For the First World, there is certainly much to be done. There is a nostalgia for the “thirty glorious years” from 1945 to 1975 where the welfare state, and Keynesian economic policies in general ensured the prosperity of the working masses. Those days are gone, definitely, irrevocably. The era where the political elite acted in a paternalist fashion to the working class is over. Though the working class has yet to see the political elite as an alien, hostile elite. In many respects this is a much harder task than in the Third World. The political elite generally looks like them, they speak the same language, they may pay lip service to the same religious creeds, they live in the same country. But we must ask, does Detroit look like it belongs to the same country as Wall Street? It may as well be an entirely different one. In terms of moral values, does the working class man in West Virginia hold the same fundamental beliefs as the stockbroker in New York or the politician in Washington? Once again, a resounding no. Certainly things like television reinforce a common national culture, but then again so does global mass media reinforce a global mass culture from Libya and Venezuela to Hollywood. It is becoming increasingly clear that the average denizen of the American Rust Belt has absolutely nothing in common with the Hollywood glitterati he sees on television. As this alienation becomes clear, the struggle will enter a more active phase.

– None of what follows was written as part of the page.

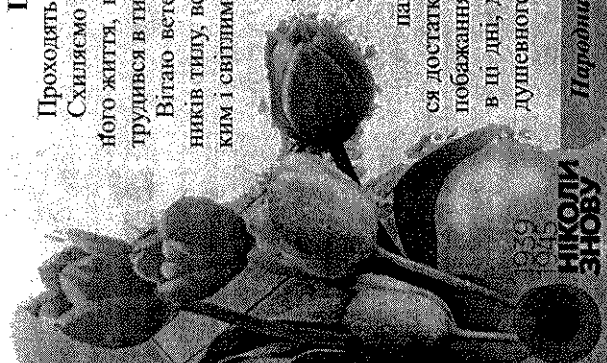
Народний депутат України Олександр МУБЧАН

Нехай у ваших родинах панує злагода, оселі повняться достатком, а всі теніші слова і побажання, які ви почувете в ці дні, додають сил і душевного спокою!

The people will no longer wait on the political elite to come and save them. They will see the political and financial class as a group of jet-setters disconnected from the essence of their lives, their national traditions, their economic well being. They will take things into their own hands. The old class struggle will become a national struggle for the survival of the people of the deindustrialized hinterlands. The old labor struggles will become icons of resistance, the strikes of coal miners and factory laborers will inspire new movements. Autonomous action will be key, people should begin to grow their own food, take control of their leased or mortgaged homes, establish their own cooperative economic enterprises. This will be sporadic at first, it will be bottom up local movements seizing control, if necessary forming armed units for self defense. The elite class will react, they will accuse the people of the nation of treason against them. Yet once they begin to take things into their own hands, petty appeals to a false patriotism made by the political elite will fall on deaf ears. The calls of aliens mean nothing to the true bearers of the national spirit, for the nation is not the politicians and stock jobbers of the capital and the big cities, it is the vast majority of the people they exploit. These people who can jet off to their tax havens are not the nation, and the sooner the people of the nation realize it, the sooner the nation will rise. The elite is as rootless as the dollars they transfer around the world, they may occupy certain districts of the First World, but they belong to no world. Their values are abstract, the rule of the laws of the market, they are not shaped by the experience of belonging to a community, with its historically defined social relations and codes of honor, but by pure individual self interest according to economic axioms. Their cultural productions are merely standardized, lifeless, consumer goods, as meaningless as McDonald’s and Coca-Cola, they do not spring from the soil and the blood of a people’s history. This is the enemy, it must be targeted, and decisively defeated.

Against the greed of Wall Street and the filth of Hollywood, those discarded and exploited by the system will affirm their own ways of life, their own self sufficient economies, their own creeds. From the sweatshops of the Third World, to the shuttered factories of the First, the cause of the nation, the cause of the people, resounds with a thunderous call.